What is needed: The reply is to contain the full listing, repeated exactly, with pictures left out.

Collected data:

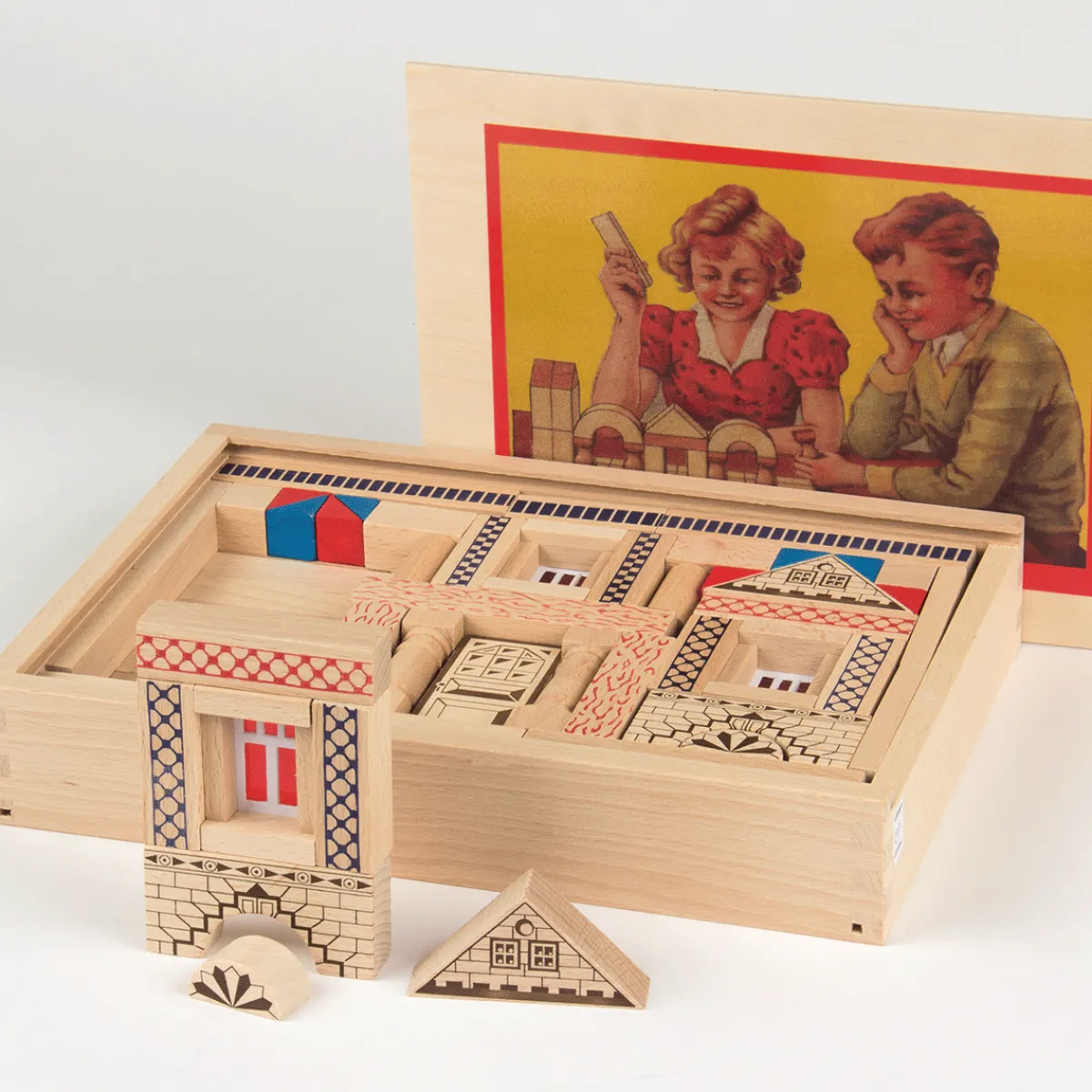 Spitzenqualität, made in Germany: Seit 1860 sorgen liebevoll gestaltete, einzigartige und hochwertige Holzspielsachen aus dem Erzgebirge für ein fantasievolles Spiel großer und kleiner Kinder. Dieser Baukasten mit wunderschönem Retro-Motiv fördert mit seinen 79 Teilen aus feinstem Buchenholz die Kreativität von Kindesbeinen an. An erster Stelle steht bei der aufwendigen Produktion das Wohl der Kleinen: Nur zertifizierte, schweiß- sowie speichelechte Lacke und Farben deutscher Hersteller werden verwendet. Alle Produkte entsprechen der Spielzeugrichtlinie EN 71. Qualität, Tradition und naturnahe Herstellung verbinden sich hier zu einem einzigartigen Produkt, das ein bleibendes Lächeln in die Gesichter der Kleinsten zaubert. Geeignet ab 3 Jahren.
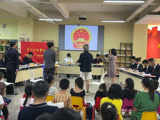 此次活动邀请玉溪师范学院法学院青年“暑期三下乡”学校立项重点团队“新《未成年人保护法》宣传实践团”以模拟法庭的形式开展普法宣传社区教育活动。以法学教育中的“模拟法庭”来开展法律社区宣传教育工作是法学院法学与社会工作专业的融合创新。为让新修改的《未成年人保护法》“进社区、进家庭、到身边”,学院法学和社会工作专业的同学紧密结合学院、专业特色,活动通过角色扮演、模拟实践、案例分析的教学方式向参与本次活动的社区儿童及其家庭宣传2021年新颁布的《中华人民共和国未成年人保护法》。该法案是为保护未成年人身心健康,保障未成年人合法权益,促进未成年人德智体美全面发展而制定的法律,包括家庭保护、学校保护、社会保护、网络保护等内容,这是一部尊重未成年人、倾听未成年人的新法。
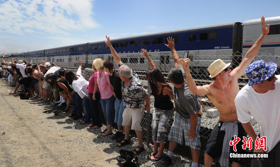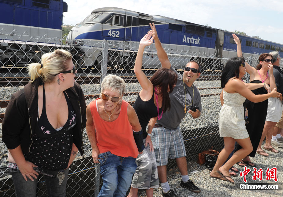 近日,美國加州南部一城市上萬人在火車鐵軌沿線站成排,背對著經(jīng)過的火車,脫褲子露出屁股。據(jù)悉,這是當?shù)匾荒暌欢鹊奶厣?/p>

Solution to the exercise:
 Spitzenqualität, made in Germany: Seit 1860 sorgen liebevoll gestaltete, einzigartige und hochwertige Holzspielsachen aus dem Erzgebirge für ein fantasievolles Spiel großer und kleiner Kinder. Dieser Baukasten mit wunderschönem Retro-Motiv fördert mit seinen 79 Teilen aus feinstem Buchenholz die Kreativität von Kindesbeinen an. An erster Stelle steht bei der aufwendigen Produktion das Wohl der Kleinen: Nur zertifizierte, schweiß- sowie speichelechte Lacke und Farben deutscher Hersteller werden verwendet. Alle Produkte entsprechen der Spielzeugrichtlinie EN 71. Qualität, Tradition und naturnahe Herstellung verbinden sich hier zu einem einzigartigen Produkt, das ein bleibendes Lächeln in die Gesichter der Kleinsten zaubert. Geeignet ab 3 Jahren.
 此次活动邀请玉溪师范学院法学院青年“暑期三下乡”学校立项重点团队“新《未成年人保护法》宣传实践团”以模拟法庭的形式开展普法宣传社区教育活动。以法学教育中的“模拟法庭”来开展法律社区宣传教育工作是法学院法学与社会工作专业的融合创新。为让新修改的《未成年人保护法》“进社区、进家庭、到身边”,学院法学和社会工作专业的同学紧密结合学院、专业特色,活动通过角色扮演、模拟实践、案例分析的教学方式向参与本次活动的社区儿童及其家庭宣传2021年新颁布的《中华人民共和国未成年人保护法》。该法案是为保护未成年人身心健康,保障未成年人合法权益,促进未成年人德智体美全面发展而制定的法律,包括家庭保护、学校保护、社会保护、网络保护等内容,这是一部尊重未成年人、倾听未成年人的新法。
 近日,美國加州南部一城市上萬人在火車鐵軌沿線站成排,背對著經(jīng)過的火車,脫褲子露出屁股。據(jù)悉,這是當?shù)匾荒暌欢鹊奶厣?/p>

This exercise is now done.